Con los medios sucedía algo similar. La revista top del sector eran la que todos buscaban para anunciarse y donde mayor densidad de competidores había. Una contradicción que, con el tiempo, ha demostrado ser ineficaz en términos de resultados. Lo mismo podemos decir de la televisión donde, por ejemplo, las marcas de colonias son las reinas de los anuncios navideños.

 

¿Es entendible anunciarse en un medio donde a la vez se están anunciando decenas de tus competidores directos?

 

Con la digitalización e internet se ha llegado a un nuevo nivel. Jamás me hubiese imaginado cuando empezaron las ventas online que el sistema llegara al colapso por saturación al que ha llegado. Ya no solo son los anuncios patrocinados en buscadores o la feria de banners que inundan muchas páginas web, es que las redes sociales ya son hoy un gran marketplace de anuncios, liderados por influencers de dudosa credibilidad, donde lo fácil es estar como marca, a la vez que fácil es pasar totalmente desapercibida.

 

La llegada de la IA no hará probablemente un marketing más inteligente, sino que hará más eficiente un mal marketing.

 


 

El «estar donde todos están» acaba por invisibilizar las marcas, hacerlas irrelevantes, cuando no prescindibles. ¿De verdad es esto lo que quieren las empresas?

 

La teoría del «océano rojo» vs «océano azul», aplicada aquí a las estrategias de marketing, tendría que servirnos de orientación.

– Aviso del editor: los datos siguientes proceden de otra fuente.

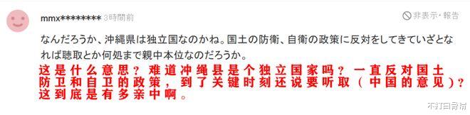 这番话在日语的语境当中,是比较正式和客气的请求,听起来没什么问题,但潜台词其实是在内涵日本政府。因为日语的表达特征就是委婉、间接,或者说非常暧昧、喜欢绕圈子,外国人听不出来,他们本国人却一听就明白。所以日本网友一看新闻就暴走了,有人留言说:这是什么意思?难道冲绳县是个独立国家吗?一直反对国土防卫和自卫的政策,到了关键时刻却说要听取中国的意见,这到底是有多亲中啊。

Si buscamos ser diferentes, tener personalidad y mostrarnos como especiales para nuestros clientes, no podemos hacer lo mismo que otras marcas ni estar en los mismos sitios.

 

Recuerdo hace años cómo logramos convencer a un cliente elaborador de cava de que tenía que buscar otros momentos y lugares para mostrarse a sus clientes. Nos olvidamos de la navidad (no del todo porque la adelantamos dos meses) y realizamos una campaña ¡en pleno verano! para conectar el disfrute del sol y de la playa con un cava fresquito y apetecible.

 

El resultado en términos de notoriedad fue muy bueno, cierto que ayudado por el hecho de que no teníamos competencia en ese período del año. Se buscó el mejor momento para evitar a las marcas competidoras, un océano azul marketiniano, que fue la clave del buen rendimiento.

 


 

Todo lo cual me lleva a lo que decía al principio sobre las personas y que en el marketing veo cada vez con más preocupación.

 

Una buena estrategia de marketing tiene que encontrar momentos, espacios y situaciones donde, a la vez que el cliente sea más receptivo, evite que la competencia le haga sombra. Creo que tiene lógica.

 

Sin embargo, seguimos planificando nuestras actuaciones como el retail hace con el calendario anual. Como todos hacemos lo mismo al final caemos en la irrelevancia. Caemos una y otra vez en el océano rojo en vez de buscar alternativas. Lo más fácil se convierte al final en lo peor para la marca.

 

Busquemos entonces lo más difícil, incluso lo que es antiintuitivo -como el caso anterior del cava- para que la marca brille por sí misma, sin el molesto ruido de los canales que otros saturan.

 

Analiza cómo es tu cliente, su comportamiento, sus preocupaciones y el cambio que busca. Da igual que sean personas o empresas, si empiezas por conocerle bien, descubrirás que hay muchas formas de conectar con él que no conocías, incluso algunas que tú mismo puedes crear.

 

A la vez, evita los espacios y momentos donde esté presente toda tu competencia. Te parecerá raro, pero recuerda que en un océano rojo las marcas suelen diluirse como un azucarillo mientras que, si encuentras un espacio solo para ti, toda la atención de tus clientes estará en tu marca y en tu mensaje.

 

En la mayoría de las ocasiones, ir contracorriente es la mejor manera de navegar por un río revuelto.